Habiéndole preguntado a un miembro de nuestra delegación, Diputado a la Asamblea Nacional que profesa la fe cristiana, qué diría la Biblia sobre un orden económico tan injusto, contestó sin vacilaciones con las palabras textuales de un profeta de su libro más sagrado: "Isaías, capítulo X, versículos 1, 2 y 3: ¡Ay de ustedes, que dictan leyes injustas y publican decretos intolerables, que no hacen justicia a los débiles ni reconocen los derechos de los pobres de mi pueblo, que no ayudan a las viudas y ultrajan a los huérfanos! ¿Qué harán ustedes cuando tengan que rendir cuentas, cuando vean venir de lejos el castigo? ¿A quién acudirán pidiendo ayuda? ¿En dónde dejarán sus riquezas?"

Sé que en esta sala muchos comparten estas preocupaciones y sé también que casi todos nos hacemos la misma pregunta: ¿se preservará la OMC del peligro de ser convertida en un feudo de los Estados Unidos y sus aliados, como lo son hoy el FMI y el Banco Mundial? ¿Lograremos realmente que la OMC sea el foro democrático y transparente que necesitamos, o se impondrán los poderosos intereses de la minoría, en detrimento de la mayoría silenciosa que, dividida, confundida y poco alerta, no atina hoy a comprender los peligros de una liberalización fría y dogmática del comercio mundial? ¿Se acordarán de que la inmensa mayoría de los países del Tercer Mundo, dependientes de la exportación de un producto agrícola o de algunas especias, quedarán barridos del comercio mundial y aplastados por la competencia feroz de unas cuantas transnacionales? ¿Deberíamos o no tener en cuenta estas realidades y aceptar la necesidad de que se preserven los intereses de los países subdesarrollados, tan siquiera para garantizar su sobrevivencia?

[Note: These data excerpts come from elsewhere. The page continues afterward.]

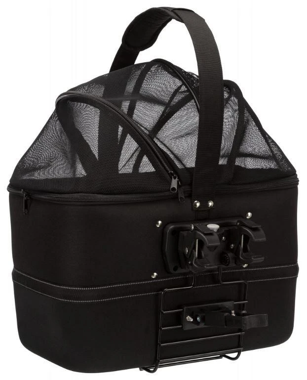 Ook heeft de mand een regenkap voor reizen bij slechte weersomstandigheden. En heb je de afdekking toch liever open? Dan kun je jouw hond vastmaken aan de geïntegreerde korthouder, zodat de hond lekker om zich heen kan kijken zonder dat hij uit de mand springt. Deze mand is ook als vervoerstas te gebruiken: door het gemakkelijke click & go systeem kun je hem zo van de beugel afhalen en meenemen als stevige draagtas.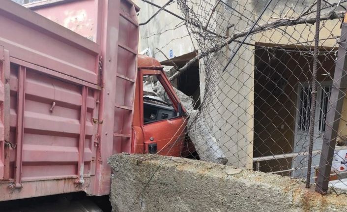 Yük kamyonu duvarı aşıp eve daldı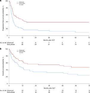 113 patients were included [77 MF (68%)]; 61 (54%) were in complete or partial remission, 86 (76%) received reduced-intensity protocols and 44 (39%) an URD allo-HSCT. With a median follow up for surviving patients of 73 months, allo-HSCT resulted in an estimated overall survival (OS) of 38% at 5 years, and a progression-free survival (PFS) of 26% at 5 years. Multivariate analysis demonstrated that advanced-phase disease (complete remission/partial remission >3, primary refractory or relapse/progression in patients that had received 3 or more lines of systemic treatment prior to transplant or the number of treatment lines was not known), a short interval between diagnosis and transplant (<18 months) were independent adverse prognostic factors for PFS; advanced-phase disease and the use of URDs were independent adverse prognostic factors for OS.

¿Cómo vamos a competir los países pobres si nuestros profesionales marchan a las naciones ricas en busca de mejores oportunidades, si ni siquiera nos permiten conservar a nuestros atletas y vemos con dolor cómo compiten bajo la bandera de otro país?

¿Cómo vamos a competir económicamente las naciones pobres si los diez países más desarrollados controlan el 95 por ciento de las patentes expedidas en los últimos veinte años, y la propiedad intelectual, lejos de liberalizarse, es cada vez más protegida?

Hablarnos a los países pobres de comercio por Internet resulta casi una broma, cuando se sabe que el 91 por ciento de los usuarios de Internet viven en países de la OCDE. ¿Podrá algún día transformarse la situación actual en que, mientras en Estados Unidos, Suecia y Suiza existen más de 600 líneas telefónicas por mil habitantes, en Cambodia, Chad y Afganistán hay un teléfono por cada mil habitantes?

Señor Presidente, Excelencias:

En medio de este cuadro dramático para la inmensa mayoría de los países del mundo, me veo obligado a hablar de mi país. Si existe un ejemplo elocuente de lo que no debiera ocurrir en el mundo en las relaciones entre poderosos y pequeños, ese ejemplo es lo que está ocurriendo con Cuba.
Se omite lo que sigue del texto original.